### EXERCISE OBJECTIVE
In the entries that follow, the lines from the line containing "To the Glory" up to and including the line containing "钢琴谱:青蛙和乌龟《FBE 技巧和演奏》" must be copied exactly, with pictures omitted.

### TASK DATA

+---+

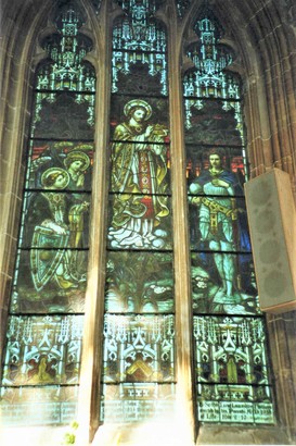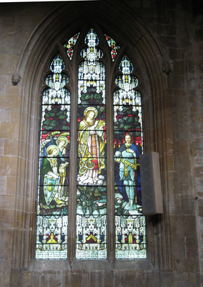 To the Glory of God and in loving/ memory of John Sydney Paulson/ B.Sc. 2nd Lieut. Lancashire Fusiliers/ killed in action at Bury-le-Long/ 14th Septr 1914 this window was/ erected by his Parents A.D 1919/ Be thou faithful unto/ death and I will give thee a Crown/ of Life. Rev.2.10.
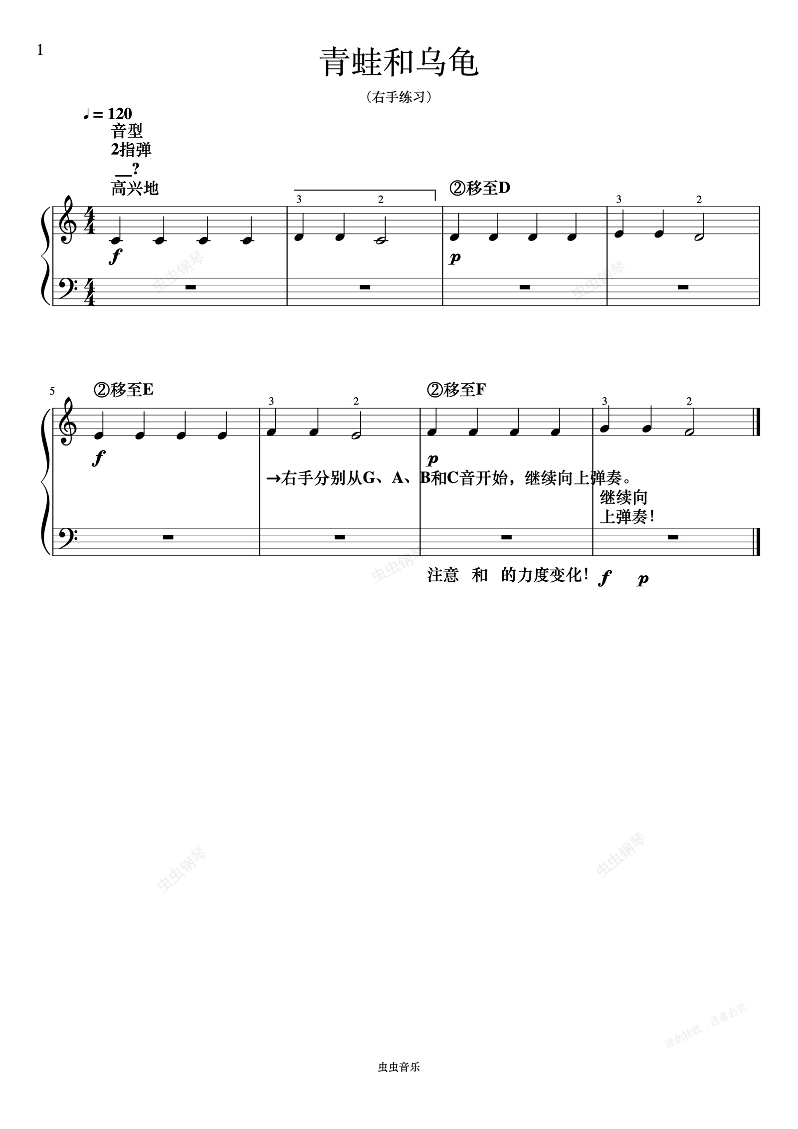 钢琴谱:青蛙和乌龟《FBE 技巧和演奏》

+---+

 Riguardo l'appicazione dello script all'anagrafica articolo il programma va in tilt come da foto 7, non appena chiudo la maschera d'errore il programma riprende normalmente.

+---+

### ANSWER SECTION
 To the Glory of God and in loving/ memory of John Sydney Paulson/ B.Sc. 2nd Lieut. Lancashire Fusiliers/ killed in action at Bury-le-Long/ 14th Septr 1914 this window was/ erected by his Parents A.D 1919/ Be thou faithful unto/ death and I will give thee a Crown/ of Life. Rev.2.10.
 钢琴谱:青蛙和乌龟《FBE 技巧和演奏》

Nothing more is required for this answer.